EUR cohorts were combined in a GWAS meta-analysis (Table 1). For AFR, we performed meta-analysis between the MVP, PGC and Yale–Penn cohorts. For AMR and EAS, only MVP included data so no meta-analysis was possible within these ancestries. GWAS meta-analyses were conducted using inverse variance weighing in METAL⁵² for both EUR and AFR. For within-ancestry meta-analyses, there were 42,281 EUR cases with 843,744 controls, and 19,065 AFR cases with 104,143 controls. The multi-ancestry meta-analysis⁵³ included 1,044,620 total participants of EUR, AFR, AMR and EAS ancestries. Sex-stratified analysis was conducted in the only cohort available individual GWAS for the analysis—the MVP (Supplementary Fig. 7).
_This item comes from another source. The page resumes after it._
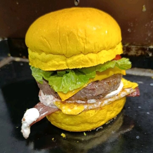 Pão Brioche, 02 Carne Artesanal 120 Gramas, Bacon Em Tiras Em Bobro, 01 Fatia De Muçarela, 01 Fatia De Cheddar, 01 Ovo... Ver completo

LDSC and SNP-based heritability

LDSC was used to calculate SNP-based heritability on the liability scale, using a lifetime population prevalence⁵⁴ of 2% and a sample prevalence of 5% for EUR, 13.2% for AFR, and 7.2% for AMR within the MVP⁵⁵. We used the lifetime population prevalence reported in the PGC/deCODE/iPSYCH1 cannabis paper¹⁰ for comparability. Typically, calculating SNP-based heritability depends on reliable reference ancestry to account for nonindependence of some variance due to LD. This is easily done for EUR, but admixed non-European ancestries pose a statistical challenge. Covariate LDSC¹² uses sample covariates such as those derived from principal components analysis (a dimension reduction technique that produces eigenvalues for each variant) carried out in the study sample to adjust LD scores to enable calculation of SNP heritability in each ancestry using sample-specific LD scores. LDSC as implemented by the Complex Traits Genomics Virtual Lab⁵⁶ was used to estimate genetic correlations⁵⁷ to identify common genetic architecture across all 1,335 traits available for comparison. Additionally, LDSC was used to compare genetic correlations between CanUD and cannabis use (from a previously published study¹⁸).